*Stored items*:
- Opening Delimiter -

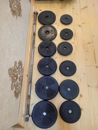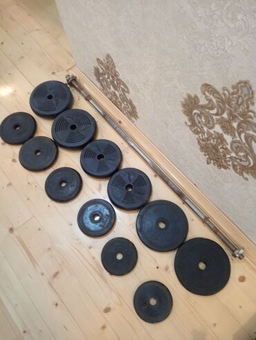 Qantel, qrif (prised üçün) və 66 kg ağırlıqlar (blinı) qarajsan cekulib shekiller, tozlu gorsenir.
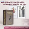 Подарочный набор состоит из металлической фляжки, трёх стопок, воронки для удобного наполнения и футляра в виде книги.
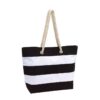 Descrizione: Borsa mare a righe con ampio scomparto principale richiudibile a strappo. All’interno una tasca extra a cerniera per oggetti di valore o altro. Manici in corda di cotone con passanti in metallo.
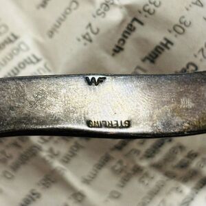 Measures approx 5.5” inside tip to tip with a 1.25” gap. Weighs just over 19 grams. Stamped Sterling and signed by the artist with a WF. Not sure the artists actual name however.
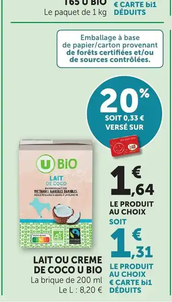 Lait ou creme de coco u bio : offres et promos Bi1 à découvrir
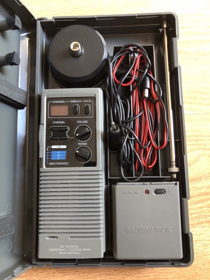 Vintage Realistic 40 Channel 2-Way CB Radio TRC-475 With Original Case. Uses 8-AA batteries, weather radio, emergency radio. Magnetic antenna
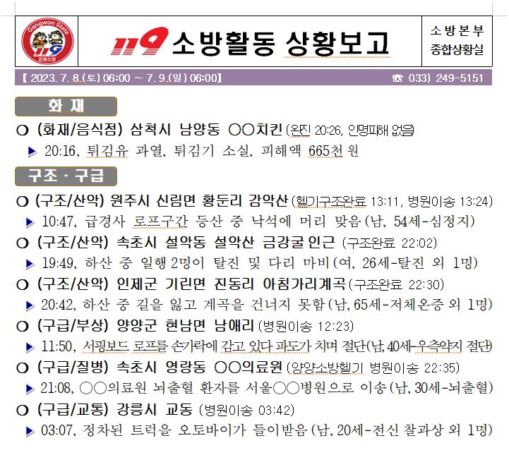 119 소방활동 일일상황보고(7. 9. 일) 06:00

- Closing Delimiter -

*EXERCISE PROMPT*: Return the entries above in full and unchanged, omitting every image.

*SOLVED EXERCISE*:
 Qantel, qrif (prised üçün) və 66 kg ağırlıqlar (blinı) qarajsan cekulib shekiller, tozlu gorsenir.
 Подарочный набор состоит из металлической фляжки, трёх стопок, воронки для удобного наполнения и футляра в виде книги.
 Descrizione: Borsa mare a righe con ampio scomparto principale richiudibile a strappo. All’interno una tasca extra a cerniera per oggetti di valore o altro. Manici in corda di cotone con passanti in metallo.
 Measures approx 5.5” inside tip to tip with a 1.25” gap. Weighs just over 19 grams. Stamped Sterling and signed by the artist with a WF. Not sure the artists actual name however.
 Lait ou creme de coco u bio : offres et promos Bi1 à découvrir
 Vintage Realistic 40 Channel 2-Way CB Radio TRC-475 With Original Case. Uses 8-AA batteries, weather radio, emergency radio. Magnetic antenna
 119 소방활동 일일상황보고(7. 9. 일) 06:00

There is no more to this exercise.